Le boom du bois dans le BTP
Depuis la Deuxième Guerre mondiale, les principaux matériaux de construction des maisons sont, en Europe, la pierre et le béton. Au cours de ces dernières années, l’éveil des sensibilités aux questions liées à l’environnement a conduit à accorder une attention accrue aux matériaux de construction. Au niveau de l’UE, il existe désormais une prise de conscience que le recours au bois est une pratique considérablement plus respectueuse de l’environnement que le tout-béton : ainsi l’objectif affiché est-il aujourd’hui de réduire chaque fois que possible l’usage du béton dans le bâtiment pour le remplacer par le bois.
Cette tendance ouvre de nouveaux marchés au bois finlandais et aux produits des scieries finlandaises, dont les éléments de construction à destination des immeubles d’habitation. Il est aujourd’hui courant que les acheteurs se choisissent une maison « clés en main » en optant pour un certain type de plan d’installation parmi plusieurs variantes possibles, la maison étant ensuite montée avec différents éléments préassemblés. Le volume de matériaux nécessaire à ce type de construction est tel que ce marché semble promis à un essor significatif dans les années à venir.

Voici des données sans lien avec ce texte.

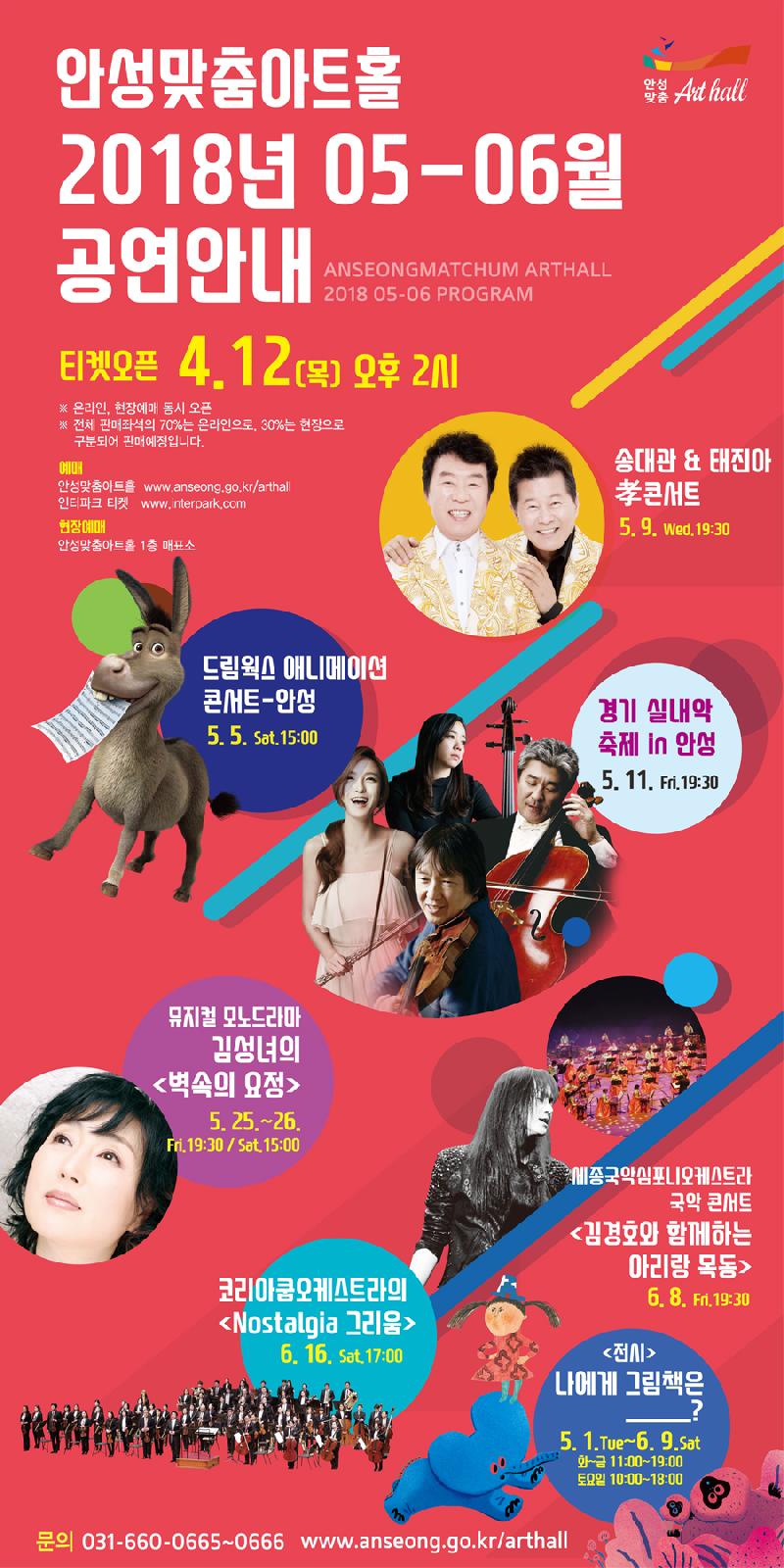오는 12일(목) 오후 2시 안성맞춤아트홀 5, 6월 기획공연 티켓이 오픈된다.

En Finlande comme dans l’ensemble de la Scandinavie, la réglementation sur la sécurité incendie a été revue au cours de ces dernières années, ce qui s’est traduit par une autorisation d’utiliser le bois à une bien plus vaste échelle que par le passé, ce aussi bien pour la construction des maisons individuelles que des bâtiments publics.

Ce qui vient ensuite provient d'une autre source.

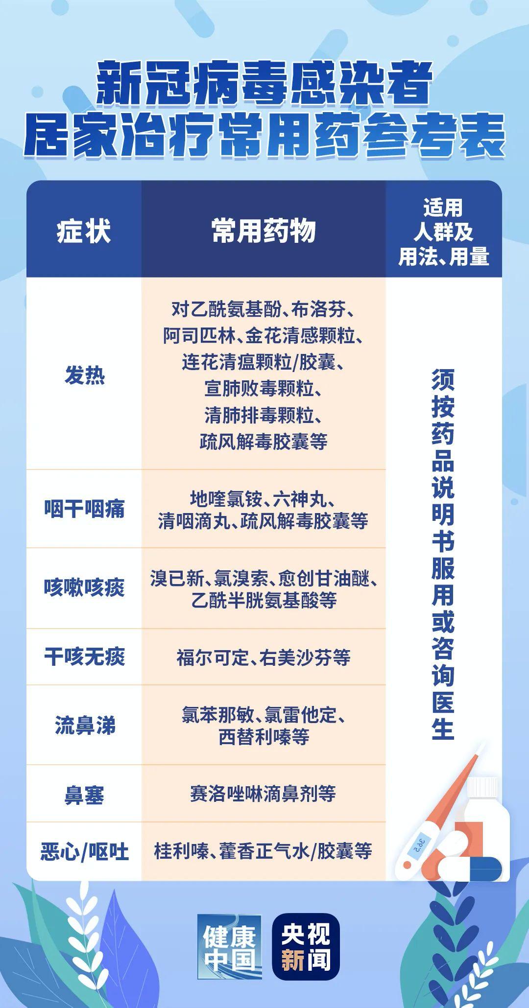 12月8日,央視網轉載國家衛健委官網發布新冠感染者居家治療指南。針對可以居家治療的新冠病毒感染者可能出現的7種癥狀推薦了家庭常用參考藥物。圖表如下:

Si l’usage du bois dans le BTP venait à se généraliser à l’échelle de l’Europe, il s’agirait d’une évolution qui pourrait avoir un effet important sur la réduction des changements climatiques. Il faut noter par ailleurs qu’en Finlande, plus de 40% des maisons et immeubles de construction récente sont en bois, tandis qu’en Europe prise dans son ensemble, la part des constructions en bois ne représente que 4% des maisons et immeubles.
Grâce au développement permanent de technologies et méthodes nouvelles, les débouchés et usages du bois et produits issus du bois sont illimités ; ainsi peut-on estimer que le moteur de l’industrie forestière finlandaise n’est pas près de s’arrêter de tourner.